Work instruction
Using the entries that follow, write out the line containing "İzmit Körfezi sahil", the line containing "Olevs Jam Tangan", and every line between them, exactly and nothing else.

Supplied information
* * * * * * *
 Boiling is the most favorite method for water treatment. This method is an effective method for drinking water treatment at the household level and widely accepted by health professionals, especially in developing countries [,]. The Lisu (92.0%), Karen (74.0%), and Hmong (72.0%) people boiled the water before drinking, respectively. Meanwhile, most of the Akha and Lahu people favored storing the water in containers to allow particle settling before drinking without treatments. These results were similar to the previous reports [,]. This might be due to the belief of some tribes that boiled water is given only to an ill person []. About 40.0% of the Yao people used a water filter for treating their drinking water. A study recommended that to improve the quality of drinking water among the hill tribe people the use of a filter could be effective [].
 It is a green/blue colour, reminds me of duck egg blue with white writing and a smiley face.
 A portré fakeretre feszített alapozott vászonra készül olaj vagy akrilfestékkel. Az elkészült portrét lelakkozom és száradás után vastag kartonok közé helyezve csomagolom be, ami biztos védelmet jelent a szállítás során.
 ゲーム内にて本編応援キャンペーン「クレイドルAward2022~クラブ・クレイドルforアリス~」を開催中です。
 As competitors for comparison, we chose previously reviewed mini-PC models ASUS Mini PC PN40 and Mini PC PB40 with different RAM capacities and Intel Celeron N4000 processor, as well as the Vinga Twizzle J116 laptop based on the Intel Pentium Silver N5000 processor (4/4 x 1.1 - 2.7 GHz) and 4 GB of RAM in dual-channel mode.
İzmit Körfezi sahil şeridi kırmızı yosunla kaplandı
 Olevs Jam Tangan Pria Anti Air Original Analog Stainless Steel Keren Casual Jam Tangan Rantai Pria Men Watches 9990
* * * * * * *
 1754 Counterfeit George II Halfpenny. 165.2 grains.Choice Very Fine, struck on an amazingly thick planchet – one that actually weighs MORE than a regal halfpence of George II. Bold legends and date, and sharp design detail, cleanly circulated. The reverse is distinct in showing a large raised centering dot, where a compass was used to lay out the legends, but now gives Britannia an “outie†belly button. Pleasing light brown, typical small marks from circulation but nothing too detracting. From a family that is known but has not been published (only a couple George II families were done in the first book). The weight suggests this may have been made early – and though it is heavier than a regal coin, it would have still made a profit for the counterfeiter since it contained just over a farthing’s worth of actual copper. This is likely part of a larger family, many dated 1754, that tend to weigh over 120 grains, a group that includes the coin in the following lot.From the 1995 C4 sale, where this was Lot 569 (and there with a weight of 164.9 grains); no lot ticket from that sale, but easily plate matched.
* * * * * * *
Result of the exercise
İzmit Körfezi sahil şeridi kırmızı yosunla kaplandı
 Olevs Jam Tangan Pria Anti Air Original Analog Stainless Steel Keren Casual Jam Tangan Rantai Pria Men Watches 9990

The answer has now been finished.